Keeping my legs in a wide stance and the sway from my torso, I faked as much strength as my body could muster. “Bit of a walk might do me good. Gets the adrenaline taken care of and all.”
“You sure?” His brows drew closer, and he cocked his head to observe me, read me. Then he made a grunt at the back of his throat, crossing his arms in front of his chest. “I requested seven suns of leave so I can take care of a… personal matter. Think you can stay out of trouble for that long?”
“Yeah, sure.”
Another stare, then he turned away with a wave of his hand.
My heart matched each beat of his hurried steps, working itself into a full-blown frenzy. I counted to ten, slowly, then turned away from Med Bay and walked into the direction of Katie’s room.
Two
Katie
* * *
I stared at the pile of dirty dishes submerged in the kitchen sink, a lone spaghetti floating at the surface. “You do understand that you’ll still have to scrub those, right? Drowning those plates for an entire day won’t get them any cleaner.”
Grace gave an exaggerated sigh in teenager fashion and flicked her eyes upward to make it extra authentic. “I told
you I’ll do it later.”
“When later?” I asked, pointing at the clock on my nightstand. “And then you’ll go to bed too late again and yawn all day tomorrow.”
“Mom… pleaaase.”
“Please what?
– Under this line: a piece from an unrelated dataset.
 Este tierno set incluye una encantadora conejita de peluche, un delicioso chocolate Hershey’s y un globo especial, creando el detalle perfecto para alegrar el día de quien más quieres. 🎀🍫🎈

Sleep is important, especially at your age.” I followed her into her room, my nose catching on a whiff of mildew. “Hey, can we talk about this? This isn’t okay, and you… what happened in here?”
“What?” Grace asked as if this wasn’t the way you got cockroaches. Could cockroaches survive in space? I wondered.
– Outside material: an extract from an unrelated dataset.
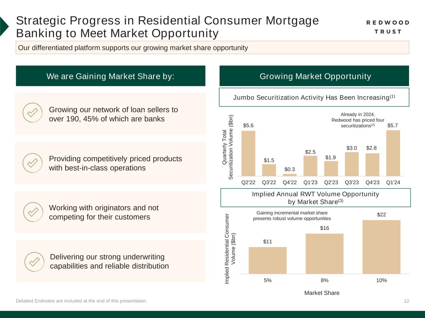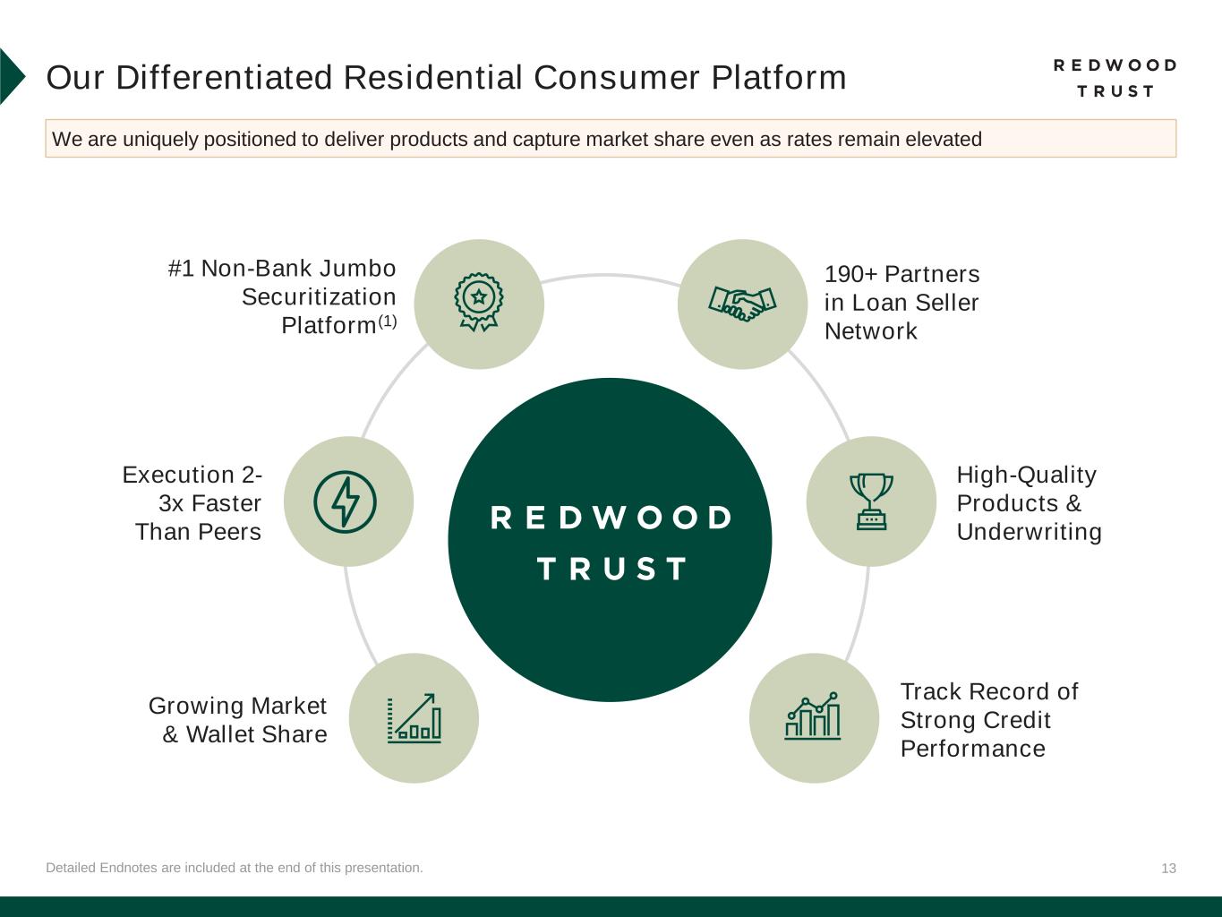 12Detailed Endnotes are included at the end of this presentation. Strategic Progress in Residential Consumer Mortgage Banking to Meet Market Opportunity We are Gaining Market Share by: Jumbo Securitization Activity Has Been Increasing(1) Our differentiated platform supports our growing market share opportunity Growing our network of loan sellers to over 190, 45% of which are banks Providing competitively priced products with best-in-class operations Working with originators and not competing for their customers Delivering our strong underwriting capabilities and reliable distribution Growing Market Opportunity Im p lie d R e s id e n ti a l C o n s u m e r V o lu m e ( $ b n ) Implied Annual RWT Volume Opportunity by Market Share(3) Already in 2024, Redwood has priced four securitizations(2) $11 $16 $22 5% 8% 10% Market Share Gaining incremental market share presents robust volume opportunities $5.6 $1.5 $0.3 $2.5 $1.9 $3.0 $2.8 $5.7 Q2'22 Q3'22 Q4'22 Q1'23 Q2'23 Q3'23 Q4'23 Q1'24 Q u a rt e rl y T o ta l S e c u ri ti z a ti o n V o lu m e ( $ b n )

She threw herself onto what may or may not have been her bed. It was hard to tell with the piles of clothes spread across, and mandarin peels shriveling away between it all. Papers with doodles covered the floor, some crumbled into balls.
“When was the last time you made that bed?” I asked, my tone doing one somersault after another. “Please tell me that’s clean laundry.”
“Who cares?”
“I care! This is…” I walked over and grabbed the first piece of clothing I got my hands on, the smell of something fried clinging to the fibers. “This is so freaking gross, Grace. Why do we have a laundry hatch if you’re not using it? When I was your age, I had to hang my laundry outside even if my butt froze off, and you can’t throw it down a metal pipe?”
“I’ll clean it up later.”
“Like you said you’d do the dishes later?” My stab toward the living area triggered another roll of her eyes, the notion sending heat into my veins. “When do you intend to do all that? This room is a pigsty.”